A good point from the audience during the Q&A that is lost on the panel. Perhaps the issue is with our lack of empathy with the war experience in most games is the transparently robotic nature of the AI adversaries.
How can we be expected to assign human attributes to something that is blatantly artificial?
The ability to personalise elements of games combined with things like permadeath do create the power for a game to create things like a sense of loyalty and loss.
A particular example is naming soldiers in games like X-Com.
Computer game studios want to insist their games are fantasies that do not have any effect on the real world. This means that they deny the power of the products to do good along with absolving themselves of the need to respond to accusations of harm.

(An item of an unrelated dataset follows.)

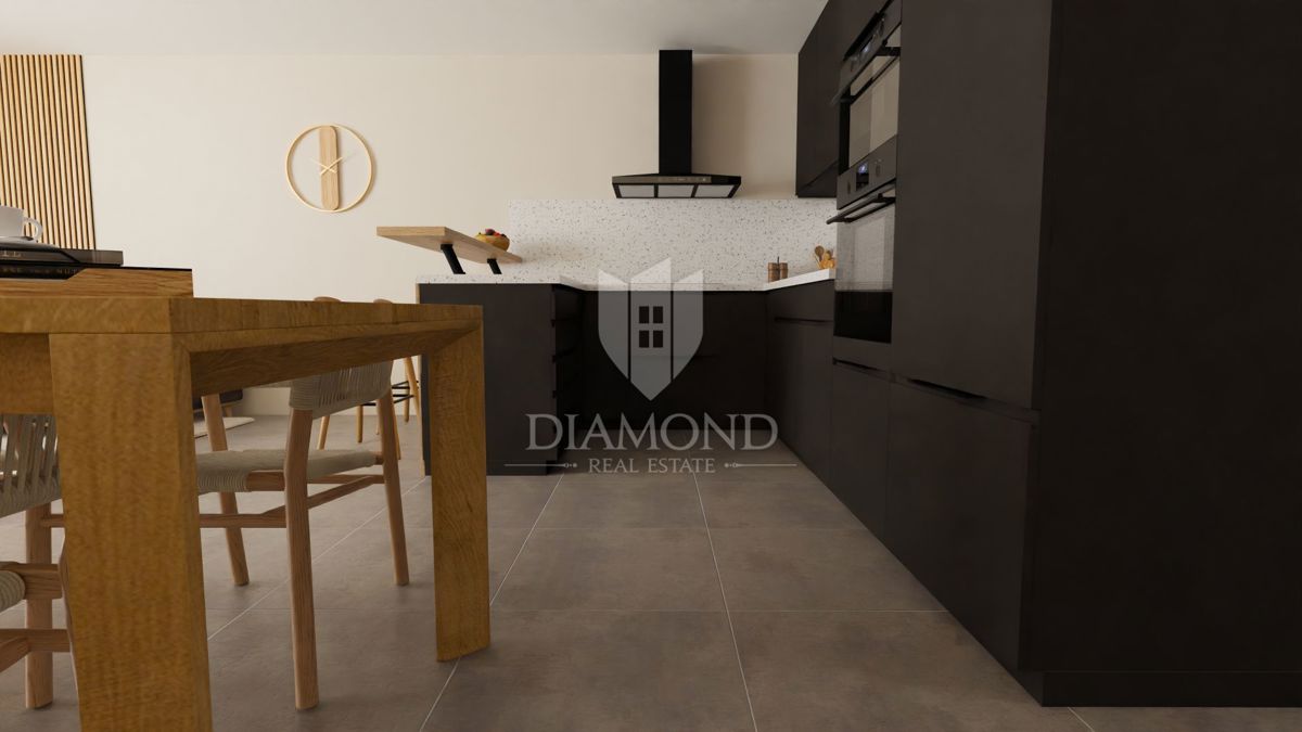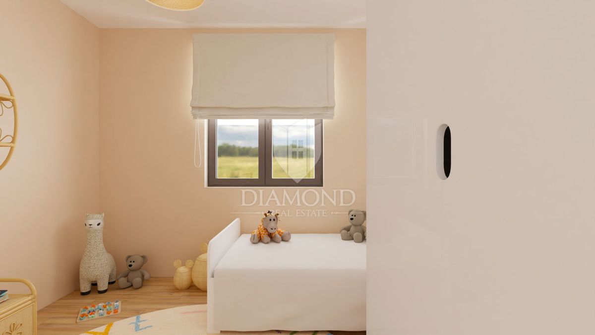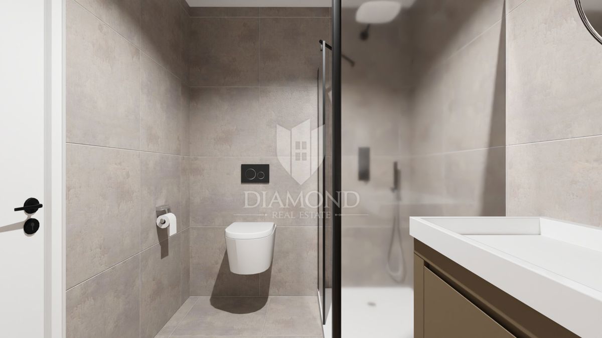 Poreč, okolica, dvosoban stan u prizemlju nedaleko od mora! Nedaleko od grada Poreča na samo 8 km smjestit će se ova moderna stambena zgrada sa ukupno 23 stana. Stan se nalazi u prizemlju te ima ukupno 87.24 m2. Sastoji se od hodnika, dnevnog boraka, bl

However having Oliver North in your trailers is making a certain political statement.
If you want to recreate a particular experience like being in the US military then developers need to license the representation rights to guns and equipment.
Doing so doesn't represent a necessary endorsement of the weapon manufacturer as much as a commitment to immersion.
Few games have complete licensing.
Thermal vision is a great way of making it easy to render larger landscapes.
Seven panelists in 90 minutes is leadership debates levels of awkward
Soldiers have credibility compared to office workers so programmers inevitably lapse into giving them authority and heroic status.
Games about war are big but still a niche in terms of things like Minecraft
FPS are not wargames, simulation games are not exciting in the way that shooters are.